It will also take a very public retreat from Detroit’s constant refrain that high mpg dead drivers. Since 1974, Detroit has warned that the only way to meet Congress’s CAFE (corporate average fuel economy) mandate is with “sub-Pinto-sized” cars, which would not protect passengers in crashes. just last year, this safety argument helped kill a bill to raise CAFE from the current 27.5 miles per gallon to 40 by 2000. So why do the Big Three suddenly think they can build an affordable, safe, attractive-even recyclable - 80-mpg car by 2003? “This is one vehicle,” says GM’s Patrick Morrissey. “CAFE involves the entire fleet.”

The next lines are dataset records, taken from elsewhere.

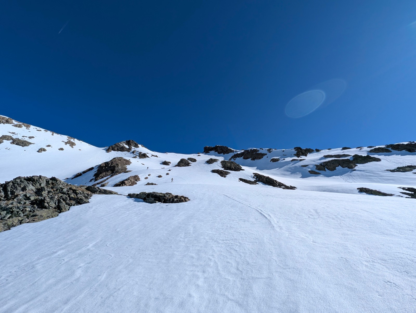 Conditions pour le ski : ski de printemps, moquette à tous les étages pour les descentes. Neige dure pour les montées aux lances, commençant à ramollir pour la Grande Lauzière et molle pour le grand Colon
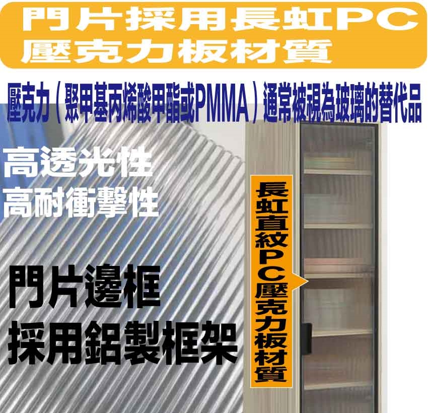 材質:防蛀木心板+防潮耐磨腳座+黑漆鋁製門框+長虹PC材質門片+防夾手緩衝門片五金
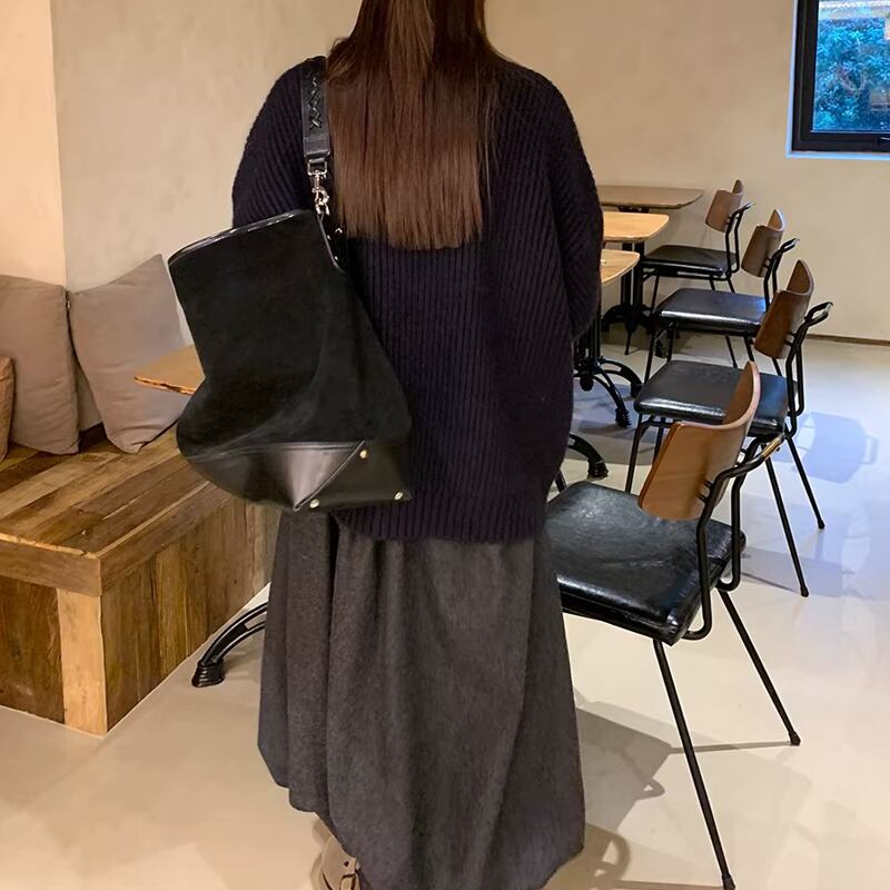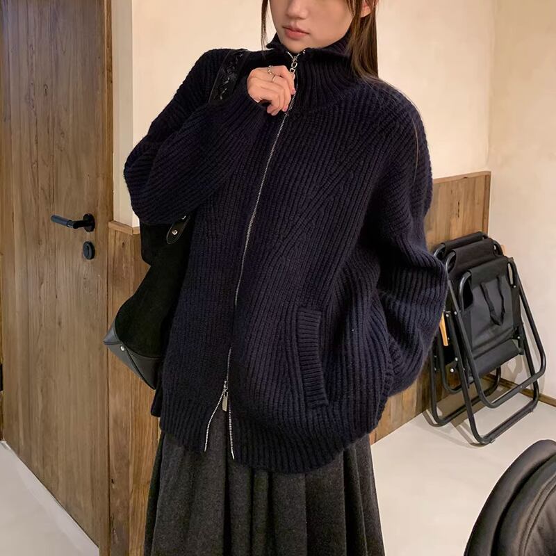 ジップアップ オーバーサイズ 長袖 ニットカーディガン 3color ATO0036

In fact, automakers already have safe (though pricey) prototypes that get 60 to 100 mpg. The bag of tricks:

Like car buffs tuning up a hot rod, engineers can tweak parts of the engine to tease out greater fuel economy. Already, many cars on the road have multipoint fuel injection, which introduces fuel to each cylinder only as required, and overhead cam engines, which replace thirstier pushrod engines. More clever still is doubling the number of valves per cylinder from the standard two. Most Hondas and Toyotas are so equipped, giving their six-cylinder engines the same muscle found in an eight-cylinder but with a 10 percent fuel cut. Honda goes one step further, saving another 10 percent of fuel by using electronic valve timing to get a “leaner” burn in its “VTEC” engine. These percentages add up, but the biggest payoffs are still to come. An engine that turns off when the car is at a red light or stuck in traffic, as does Volkswagen’s Eco-Golf diesel prototype, increases mpg by 30 percent.

Transmission technology also offers some easy winners. A continuously variable transmission, as in the Subaru Justy, better matches engine speed to gear ratio and provides fuel savings of about 5 percent. This is the only CVT car in production, perhaps for the usual sticker-shock reasons. But the electronically controlled automatic transmission, which ensures proper gearing at the proper time, is attracting more and more automakers: introduced by Toyota, it cuts fuel use by 10 percent but adds hundreds of dollars to the base price.

The car of tomorrow could be twice as slippery, aerodynamically, as today’s if the underside were as sleek as the top and the hood were shaped more like an airplane than a Lank. Weight reduction offers an even bigger mileage boost: switching from steel to aluminum would cut weight by 33 percent and increase fuel economy by 30 percent. Ford is building a no-steel car, and Honda’s all-aluminum NSX is 40 percent lighter than steel would be. The White House is offering Detroit graphite-plastic composites developed for the stealth bomber. Lighter but stronger than steel, the composites would protect passengers in a crash as reliably as iron. General Motors’ Ultralite concept car, which uses composites and weighs just 1,400 pounds, gets 62 mpg and accelerates from 0 to 60 in less than eight seconds.

Will anyone but Uncle Sugar buy these models? Detroit is right about one thing: the market for high-mpg cars stinks. “Who’s going to buy one when gasoline costs less than bottled water?” asks industry analyst Jesse Snyder of AutoFacts. Detroit could start with the First Driver. Bill Clinton owns a 1967 Mustang convertible. It gets less than 14 mpg.